Dante was standing in the doorway. She hadn't heard him come back. He set the water glass down next to the folder.
"Six months ago, I realized that someone else was paying attention to you. Not Reyes. Someone with different reach. I made a decision then. I could keep managing the threats from a distance and hope nothing got through. Or I could bring you here where I could actually protect you."
He took the chair again.
"I chose here."
Sera looked at the photographs. At his face. At the door that was supposedly unlocked. She thought about what choosing here meant. It meant proximity. It meant being inside his world instead of outside it, waiting to see if he would come for her.
"What do you want from me?" she asked.
"Two weeks. Stay here for two weeks while I locate and remove everyone who's targeting both of us. I'll give you the full picture so you can make decisions with real information. That's more than anyone else in my life has ever gotten."
He paused.
"In return, I want one thing. Tell me the truth. The way you did in court. About what you see here. About what you think of my choices. About all of it. No performance. No softening things for my benefit. Just the truth."
It was a simple offer. Too simple. Nothing in her life had ever been simple.
"And if I want to leave before two weeks?"
"You leave. Tonight. Tomorrow. Whenever. That's not negotiable."
She looked at the unlocked door again. She thought about the photographs of herself walking home at night. She thought about a woman pretending to be social services, gathering her schedule.
She thought about being alone.
"I'll stay," Sera said.
He nodded once like that had been the expected answer. He stood and cleared the dishes without asking her to help. Professional. Clean. Exactly the kind of distance a man puts between himself and a woman he's been watching for two years.
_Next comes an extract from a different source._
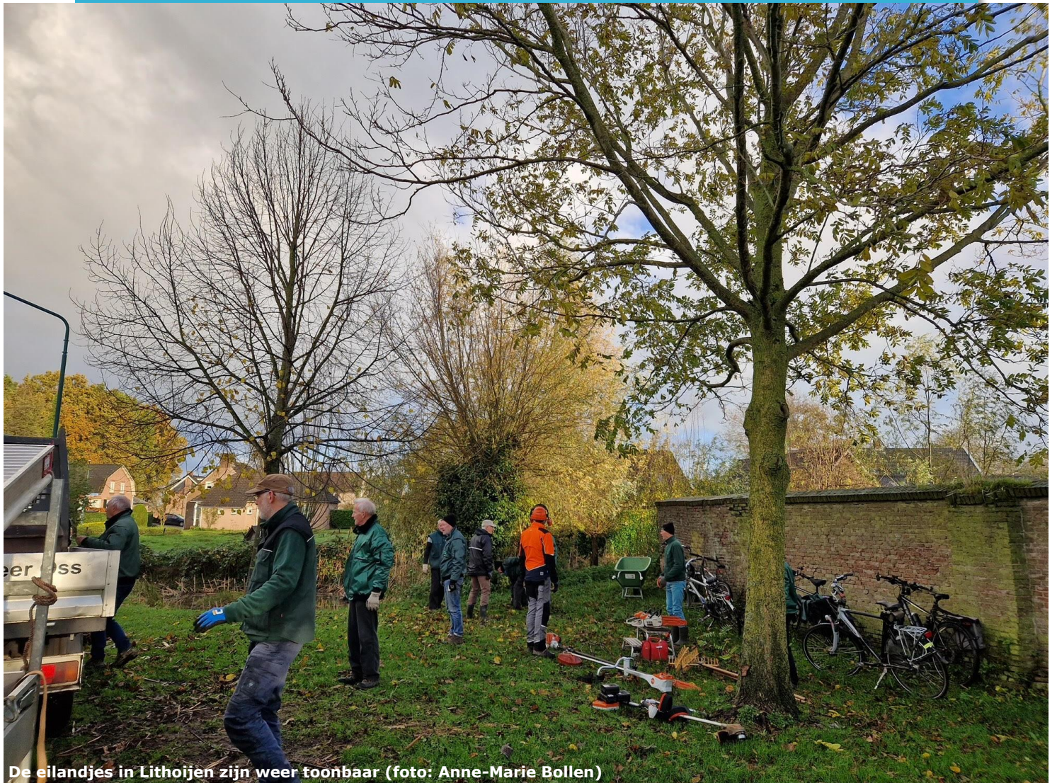
De eilandjes in Lithoijen zijn weer toonbaar
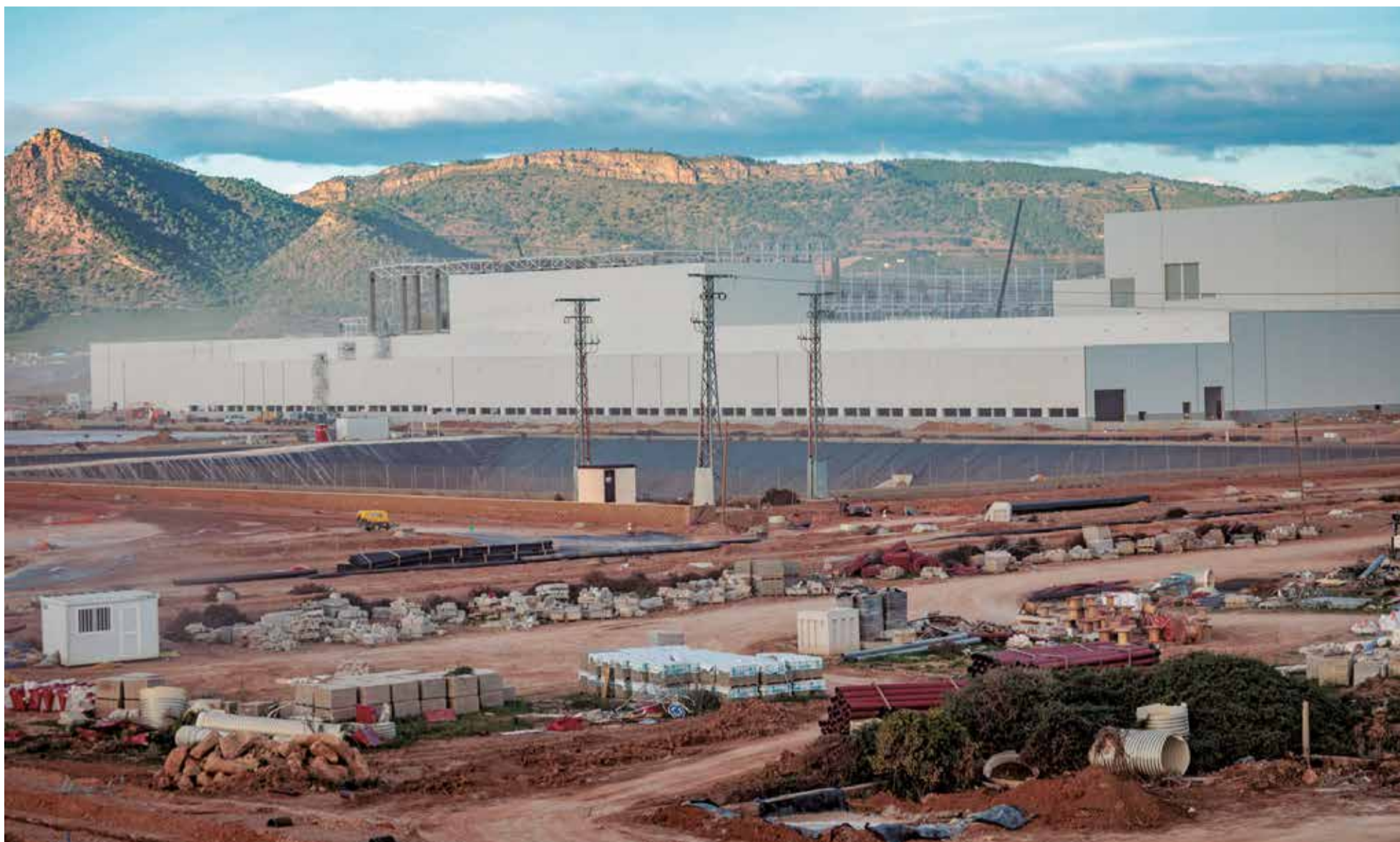
Vista general de las obras de la gigafactoría de baterías de PowerCo, del grupo Volkswagen, que se está construyendo en Sagunt.

LA GIGAFACITORÍA DE POWERCO ACABA LA OBRA CIVIL DEL PRIMER BLOQUE Y EMPEZARÁ A PRODUCIR CELDAS EN SEPTIEMBRE DEL AÑO QUE VIENE

He was at the kitchen counter when she saw him.
Vincent Luca stood thirty feet away, just visible through the glass office wall that separated the main living space from Dante's workspace. He was watching her. Not Dante. Her.
His expression was perfectly neutral except for his eyes. She had spent enough time in courtrooms to recognize that look. It was the face of someone calculating what you were worth.
It was the face of someone deciding if you were useful or dangerous.
Vincent looked at her for exactly five seconds. Then he turned and walked out of sight.
Sera's pulse was loud in her ears.
"Who was that?" she asked.
Dante didn't turn around. "My underboss. He'll expect you to explain yourself soon enough."
She waited for more information. Nothing came.
"Does he know why I'm here?"
"No. That's something we're going to figure out together."
He turned to face her and she saw something shift in his expression. Not softness. Something harder than that. Something that looked like a man making a choice he knew might cost him.
"Tonight you're my security consultant. Tomorrow you're something else. But right now, you're here. And Vincent Luca just watched you make the decision to stay. That matters more than you understand."
He walked past her toward the hallway.
"Your room is the second door on the left. There's a lock on the inside. Use it if you need to. Tomorrow we start planning how to end this."
Sera sat at the table alone, the city lights spreading below her like a map of every place she wasn't safe.
Vincent's eyes came back to her. That calculating stare. That moment of assessment.
She had testified against one criminal to save herself.
Now she was living with him while another man decided whether she was worth keeping alive.